Voice Activity Detection (VAD) is a method of improving speech estimation, but inherently relies on an imperfect concept of binary recognition of the presence or absence of speech in noisy signals.

Fig. 3a and 3b illustrate in more detail the configuration of the processor 220 within the system of an earplug 120 according to embodiments of the invention the embodiment of fig. 3a and 3b recognises that under moderate signal-to-noise ratio (SR) conditions, improved non-stationary noise reduction can be achieved with only voice estimation, without the VAD being required unlike the method in which voice activity detection is used to distinguish between the presence and absence of voice and a discrete binary decision signal from the VAD is used to gate (i.e. turn on and off) a noise suppressor acting on the audio signal the embodiment of fig. 3 recognises that it is also possible to rely on the accelerometer signal or some signal derived from the accelerometer signal to obtain a sufficiently accurate voice estimation, even under acoustic conditions where an accurate voice estimation cannot be obtained from the microphone signal.

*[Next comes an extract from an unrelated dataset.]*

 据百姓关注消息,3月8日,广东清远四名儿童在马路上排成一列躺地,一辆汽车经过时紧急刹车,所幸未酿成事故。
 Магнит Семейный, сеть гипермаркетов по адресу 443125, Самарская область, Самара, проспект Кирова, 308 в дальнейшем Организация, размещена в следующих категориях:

In more detail, in fig. 3, the microphone signal from microphone 210 is conditioned by noise suppressor 310 and then passed to an output, such as for wireless communication to device 110. The noise suppressor 310 is continuously controlled by the speech estimation/characterization module 320 without any switching gating by any VAD. The speech estimation/characterization module 320 takes input from the accelerometer 230 and optionally also from other accelerometers, the microphone 210, and/or other microphones.

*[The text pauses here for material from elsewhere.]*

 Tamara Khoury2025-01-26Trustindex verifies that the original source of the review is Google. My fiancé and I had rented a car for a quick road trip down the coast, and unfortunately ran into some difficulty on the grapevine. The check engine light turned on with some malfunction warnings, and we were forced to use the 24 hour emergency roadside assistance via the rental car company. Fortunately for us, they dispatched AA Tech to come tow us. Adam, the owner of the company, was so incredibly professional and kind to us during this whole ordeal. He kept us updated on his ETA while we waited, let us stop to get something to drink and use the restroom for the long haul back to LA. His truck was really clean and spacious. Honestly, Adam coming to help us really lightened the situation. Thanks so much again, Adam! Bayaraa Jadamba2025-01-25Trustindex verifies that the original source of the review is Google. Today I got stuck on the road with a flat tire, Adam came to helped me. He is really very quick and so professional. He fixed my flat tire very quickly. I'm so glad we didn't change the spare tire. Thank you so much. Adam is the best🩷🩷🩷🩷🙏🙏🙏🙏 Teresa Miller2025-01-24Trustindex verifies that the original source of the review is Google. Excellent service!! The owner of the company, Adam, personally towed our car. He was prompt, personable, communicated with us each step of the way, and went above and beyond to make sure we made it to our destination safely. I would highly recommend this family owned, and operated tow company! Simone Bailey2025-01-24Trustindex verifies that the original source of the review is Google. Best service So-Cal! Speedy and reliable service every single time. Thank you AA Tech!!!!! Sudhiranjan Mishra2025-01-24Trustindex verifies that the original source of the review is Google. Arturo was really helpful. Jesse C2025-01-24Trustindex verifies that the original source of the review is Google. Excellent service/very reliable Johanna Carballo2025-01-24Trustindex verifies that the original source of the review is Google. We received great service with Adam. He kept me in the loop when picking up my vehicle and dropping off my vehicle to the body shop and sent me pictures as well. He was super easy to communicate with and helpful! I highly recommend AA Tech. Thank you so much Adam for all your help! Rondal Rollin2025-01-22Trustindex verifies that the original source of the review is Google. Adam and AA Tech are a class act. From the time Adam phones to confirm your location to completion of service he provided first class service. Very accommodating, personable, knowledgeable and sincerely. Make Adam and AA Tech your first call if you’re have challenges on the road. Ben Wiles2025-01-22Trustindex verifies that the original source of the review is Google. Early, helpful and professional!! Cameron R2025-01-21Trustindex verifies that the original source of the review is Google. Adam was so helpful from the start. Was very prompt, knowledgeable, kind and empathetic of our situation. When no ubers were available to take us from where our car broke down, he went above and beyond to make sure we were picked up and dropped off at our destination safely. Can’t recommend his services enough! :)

In such an embodiment, the selection of the accelerometer 230 as a bone conduction sensor is particularly useful because, as an approximation of , the noise floor in commercial accelerometers is spectrally flat.these devices are all acoustically transparent before reaching the resonant frequency and therefore do not display any signal due to ambient noise.accordingly, the noise profile of the sensor 230 can be updated a priori to the speech estimation process. important differences are present because it allows modeling of the temporal and spectral properties of the real speech signal without dynamic interference from complex noise models.

The speech estimation 320 is performed based on certain signal guarantees in the microphone 210 and the accelerometer 230, in particular as guaranteed in the wireless ear bud use case. However, the bone conduction spectral envelope in the earplug can be corrected to trade off feature importance, but the matching signal is not necessary for designing the tuning parameters. Sensor non-idealities and non-linearities in a bone conduction model of the ear canal are other reasons for which corrections may be applied.

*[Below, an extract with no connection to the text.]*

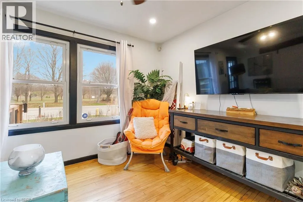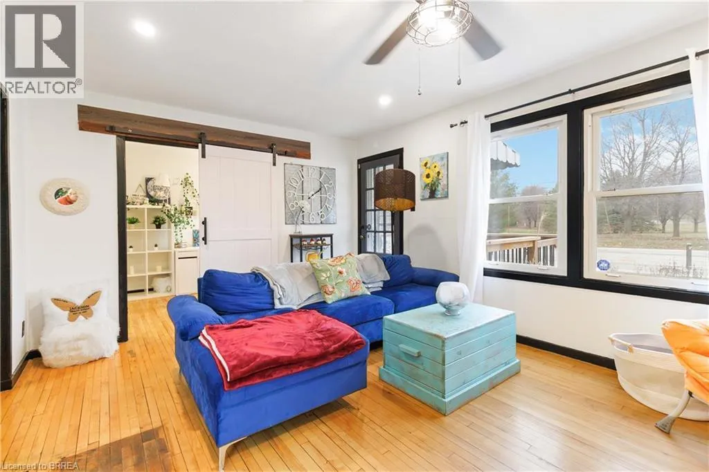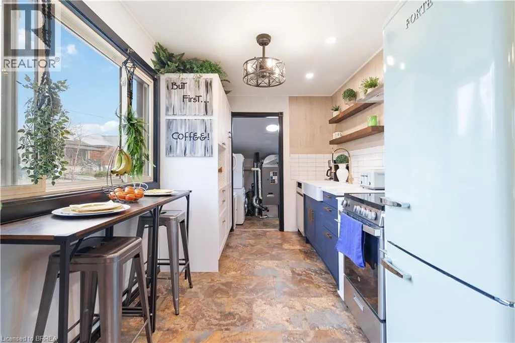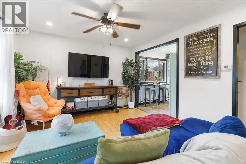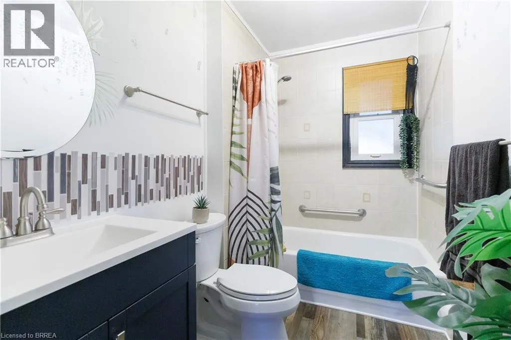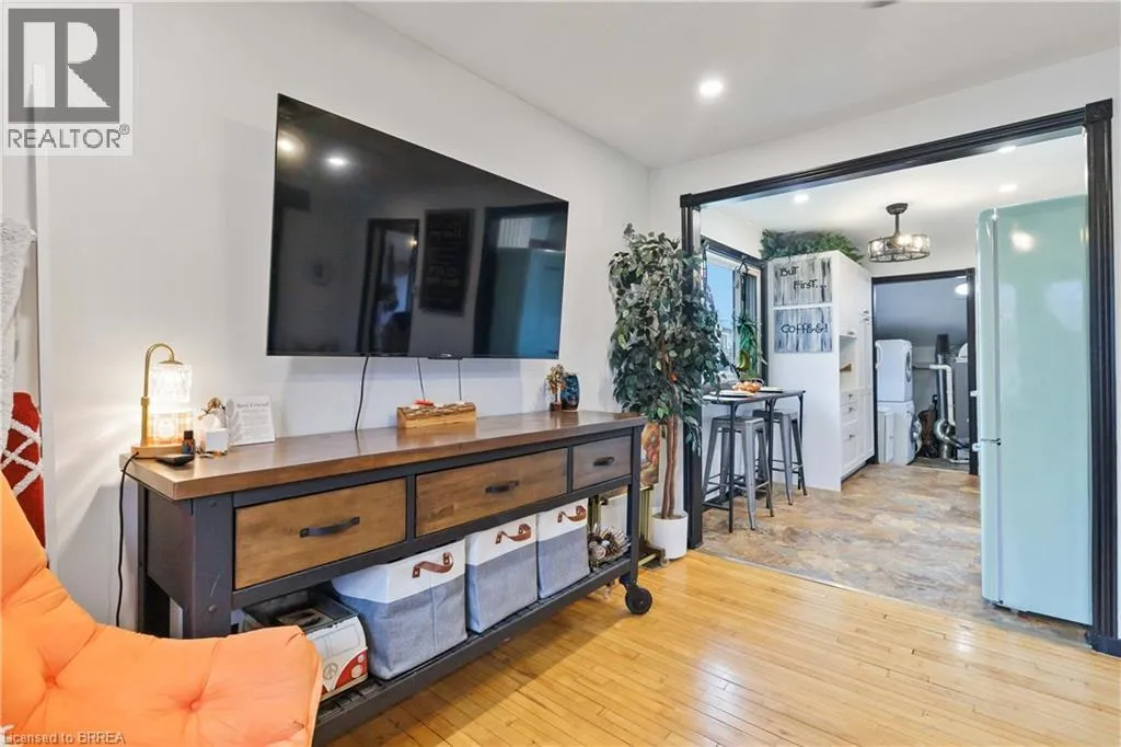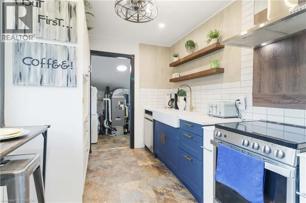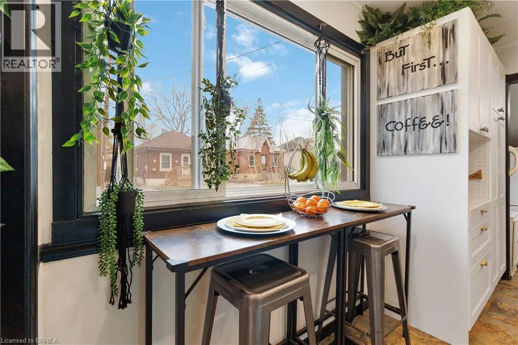 South on Wayne Gretzky Pkwy. from the 403, then West on Elgin St. One floor living in a single detached home with all the new things and large garage! This home is perfectly priced for the first time buyer or someone who is looking to downsize and would like main floor living. This is a cozy home that has had many upgrades done in the last 5 years. It has a new front deck (2022) to drink your morning coffee on and enjoy your beautiful perennial flower garden in the summer. Don't worry about your roof because it was replaced in 2018 along with the central air unit and the 4 piece bathroom was renovated in 2022. A new kitchen in 2024 along with new kitchen appliances, fresh paint and new siding on the house completing the transformation! The indoor space is carpet free with some original hardwood floors and the outdoor space is easy to maintain, featuring a seating area, shed, lots of parking and your own detached garage which will fit a single vehicle and a whole lot more!. Don't miss out on this exceptionally located home just minutes from shopping and easy access to Hwy. 403. Nothing to do but move in and make it your own... Come view for yourself! (id:27476)

In particular, embodiments employing multiple bone conduction sensors 230 in the ear are presented to be configured to take advantage of the orthogonal vibration modes caused by bone-conducted speech in the ear canal to extract more information about the user's speech it is important that the bone-conducted signals be reliably coupled into sensors within range of the wireless earbud, to a certain extent different from wired earbuds at , and different from headphones external to the ear.

The signal from accelerometer 230 is high pass filtered and then used by module 320 to determine a speech estimate output, which may include a single channel representation or a multi-channel representation of the user's speech, such as a net speech estimate, a priori SNR, and/or model coefficients.

Notably, the configuration of fig. 3 omits any Voice Activity Detection (VAD). Many methods of speech enhancement rely on various estimates of the speech signal and become challenging when the microphone speech signal is degraded by ambient noise. The accuracy of these estimates typically decreases with the ambient noise level. Uses of speech estimation include wind noise suppression, a priori SNR estimation for noise suppression, gain function biasing for noise suppression, beamforming adaptation (block matrix update), adaptive control for acoustic echo cancellation, a priori speech echo ratio (speech to echo) estimation for echo suppression, adaptive thresholding (level difference and cross correlation) for VAD, and adaptive windowing (minimum control recursive average; MCRA) for static noise estimation.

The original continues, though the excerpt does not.